Your task is to copy the listing exactly, with the pictures left out.

**Given data:**
== Segment start ==

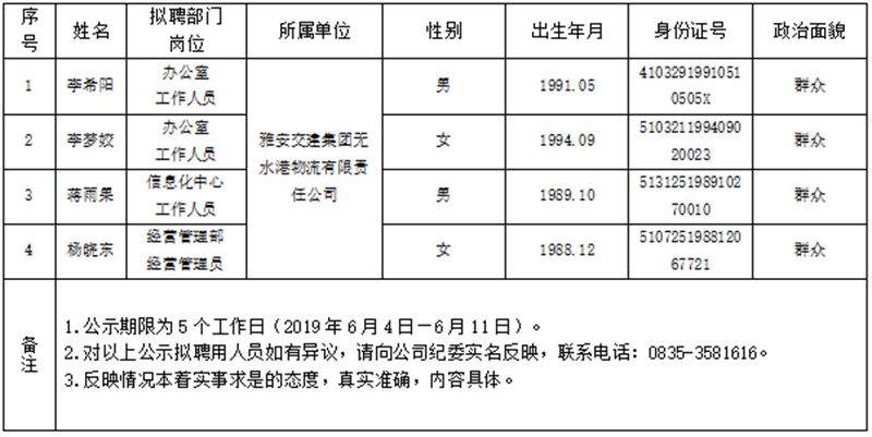 雅安交建集團所屬子公司擬聘用人員公示(無水港公司)
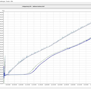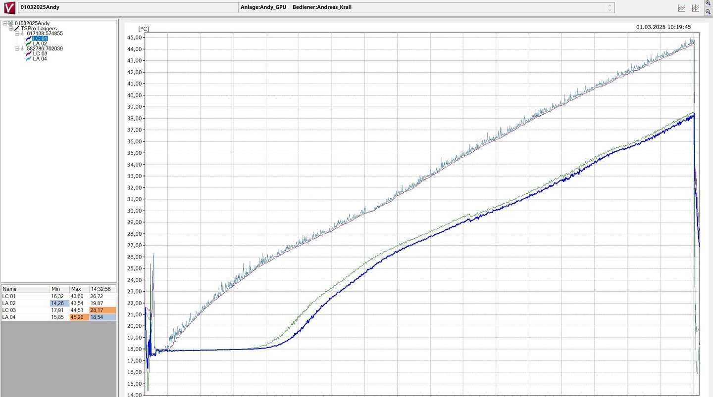 Aber ich muss nochmal zurück – zum 1. März 2025. Das war der Tag, an dem unsere Anlage ein 200-Liter-Fass in nur vier Stunden auf 45 Grad Celsius gebracht hat. Ohne irgendeine Isolierung. Einfach so. Im unteren Bereich lag die Temperatur immer noch bei 37 Grad. Und das war der Moment, in dem ich gemerkt habe: Das funktioniert wirklich.(Der Verlauf ist im unteren Bild zu sehen, falls ihr tiefer einsteigen wollt.)
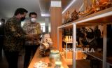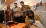 Direktur Utama Bank Syariah Indonesia Hery Gunardi (dua kanan),Wakil Gubernur Jawa Timur Emil Dardak (dua kiri) dan Founder Ulur Wiji Batik Nasta Rofika (kiri) berbincang saat meninjau produk UMKM yang berada di BSI UMKM Center Surabaya usai peresmiannya di Surabaya, Jawa Timur, Kamis (21/7/2022). BSI UMKM Center Surabaya ini merupakan salah satu upaya BSI dalam membentuk ekosistem UMKM yang unggul dan berkualitas, sehingga dapat meningkatkan kapasitas dan kapabilitas pelaku usaha. Selain itu UMKM Center BSI juga diharapkan menjadi wadah bagi pelaku UMKM agar mendapatkan pelatihan, pembinaan, pembiayaan hingga membantu proses pemasaran produk. (FOTO : Prayogi/Republika.)

== Segment end ==

**Response to this task:**
 雅安交建集團所屬子公司擬聘用人員公示(無水港公司)
 Aber ich muss nochmal zurück – zum 1. März 2025. Das war der Tag, an dem unsere Anlage ein 200-Liter-Fass in nur vier Stunden auf 45 Grad Celsius gebracht hat. Ohne irgendeine Isolierung. Einfach so. Im unteren Bereich lag die Temperatur immer noch bei 37 Grad. Und das war der Moment, in dem ich gemerkt habe: Das funktioniert wirklich.(Der Verlauf ist im unteren Bild zu sehen, falls ihr tiefer einsteigen wollt.)
 Direktur Utama Bank Syariah Indonesia Hery Gunardi (dua kanan),Wakil Gubernur Jawa Timur Emil Dardak (dua kiri) dan Founder Ulur Wiji Batik Nasta Rofika (kiri) berbincang saat meninjau produk UMKM yang berada di BSI UMKM Center Surabaya usai peresmiannya di Surabaya, Jawa Timur, Kamis (21/7/2022). BSI UMKM Center Surabaya ini merupakan salah satu upaya BSI dalam membentuk ekosistem UMKM yang unggul dan berkualitas, sehingga dapat meningkatkan kapasitas dan kapabilitas pelaku usaha. Selain itu UMKM Center BSI juga diharapkan menjadi wadah bagi pelaku UMKM agar mendapatkan pelatihan, pembinaan, pembiayaan hingga membantu proses pemasaran produk. (FOTO : Prayogi/Republika.)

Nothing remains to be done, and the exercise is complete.